Control, she thought. That was the word everyone used. Cold. Disciplined. Unshakeable.

What they didn’t see was why.

Maggie had learned early—too early—that caring didn’t make you powerful.

It made you vulnerable. She’d learned it watching her mother deteriorate slowly under fluorescent lights, watching doctors soften their language until it meant nothing at all.

Watching promises become apologies. She’d learned it later, harder, when she’d loved someone deeply and believed skill and vigilance could save them.

They couldn’t.

She still remembered the sound the monitors made when everything stopped. The way the room had felt suddenly hollow. The way someone had touched her arm and said there was nothing more to be done, as if that sentence could ever land gently. The way it stayed with her forever.

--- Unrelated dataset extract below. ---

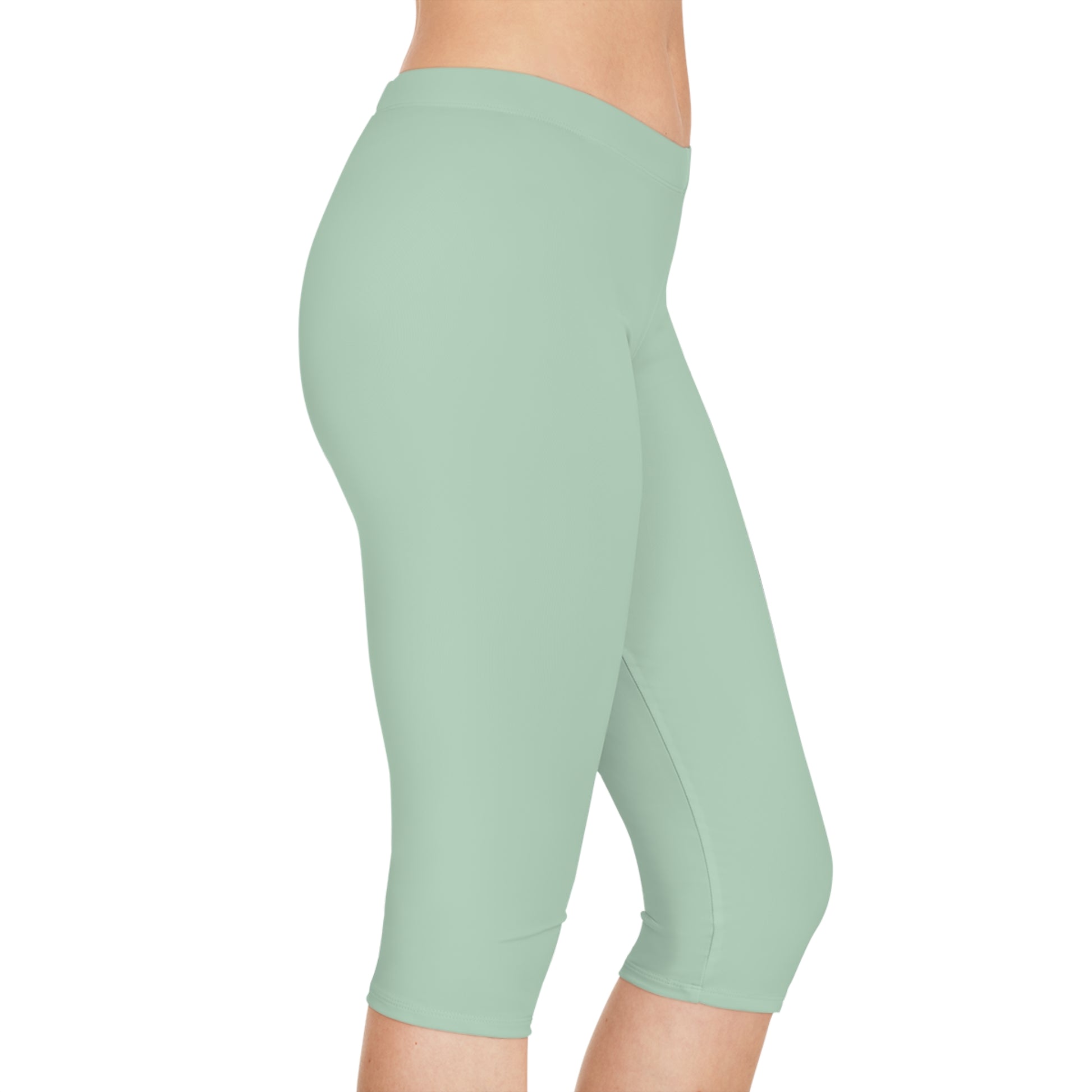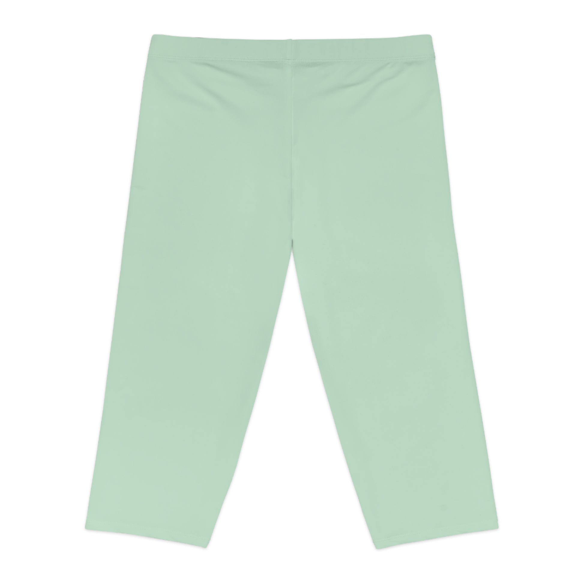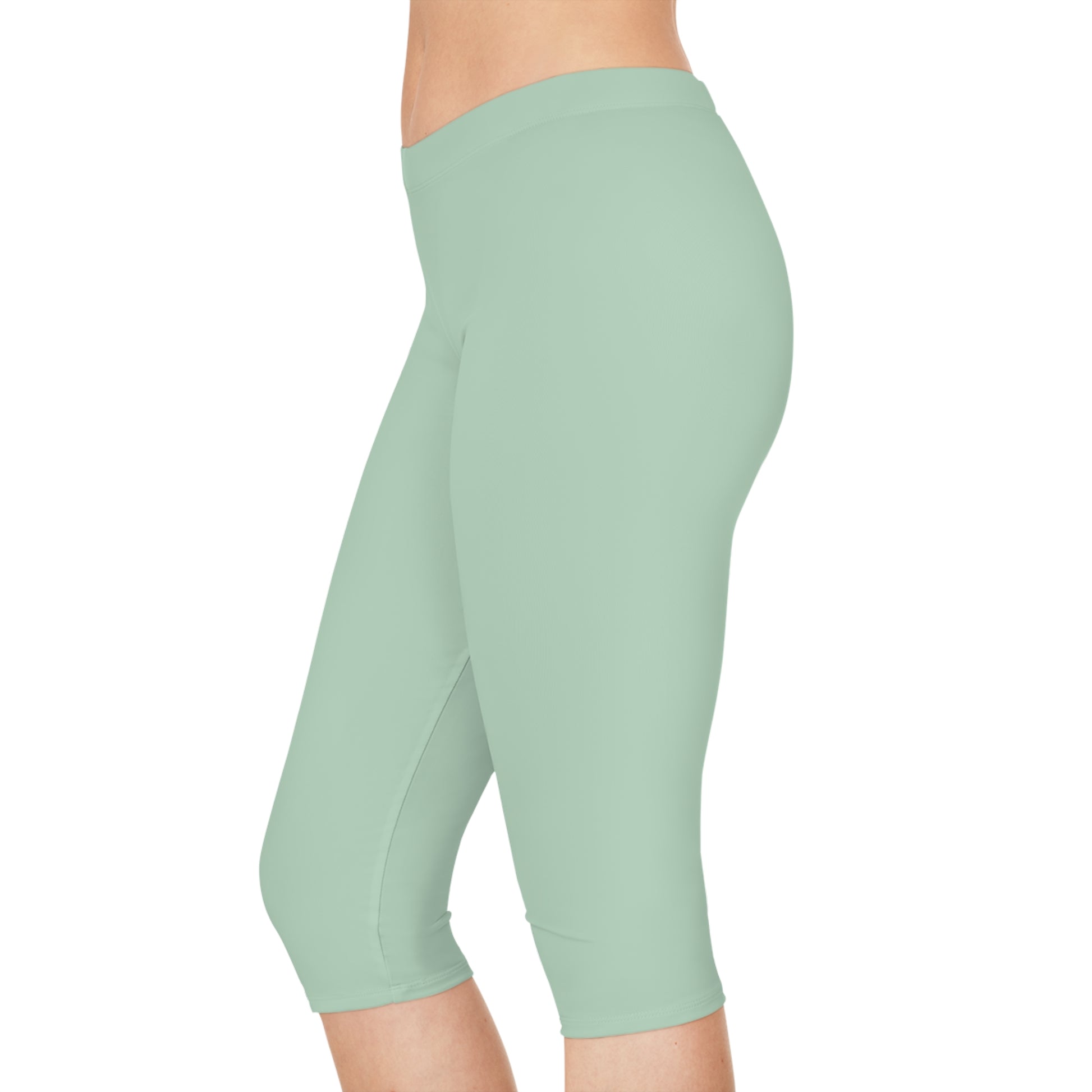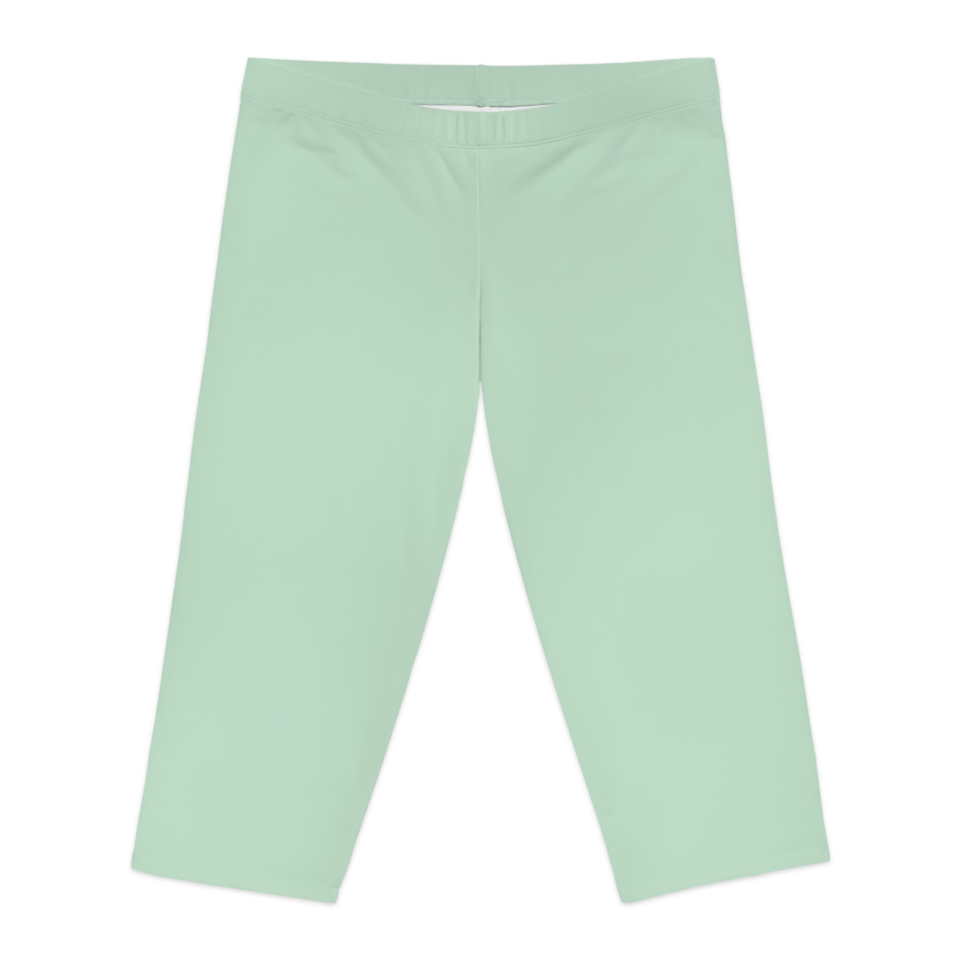 Green Color Capri Leggings, Green Capri Leggings - From PPU.BEST. Free shipping! Material: 88% polyester, 12% elastane – a highly stretchy fabric. The elastane provides exceptional flexibility and softness for maximum comfort. Medium-weight fabric (6.5 oz/yd² or 220 g/m²). Designed with a mid-waist and compression fit, these leggings offer a sleek and supportive feel, perfect for everyday wear in any setting.

After that, Maggie had made rules.

She would be excellent.

She would be honest.

She would never confuse attachment with responsibility.

And she would never, ever, let herself believe she could outrun loss by loving harder.

Medicine had rewarded her for those rules. Promotions. Authority. Trust. People called her calm under pressure. They said she was the one you wanted in the room when things went wrong.

They weren’t wrong.

But lately—standing at that window, the city reflected faintly in the glass—she felt the cost of it pressing in.

Evie Brooks had looked to her today not like a subordinate, not like a problem, but like someone who saw the weight she carried and didn’t flinch. Someone who stayed.

That was new.

That was terrifying.

Maggie closed her eyes and let herself feel it—the ache beneath her ribs, the grief that hadn’t dulled so much as calcified, the fear that if she loosened her grip now, everything she’d survived would finally catch up with her.

Control had always been her shield.

But lately, it felt more like a wall.

And Maggie wondered whether what she’d been protecting herself from wasn’t loss—but living.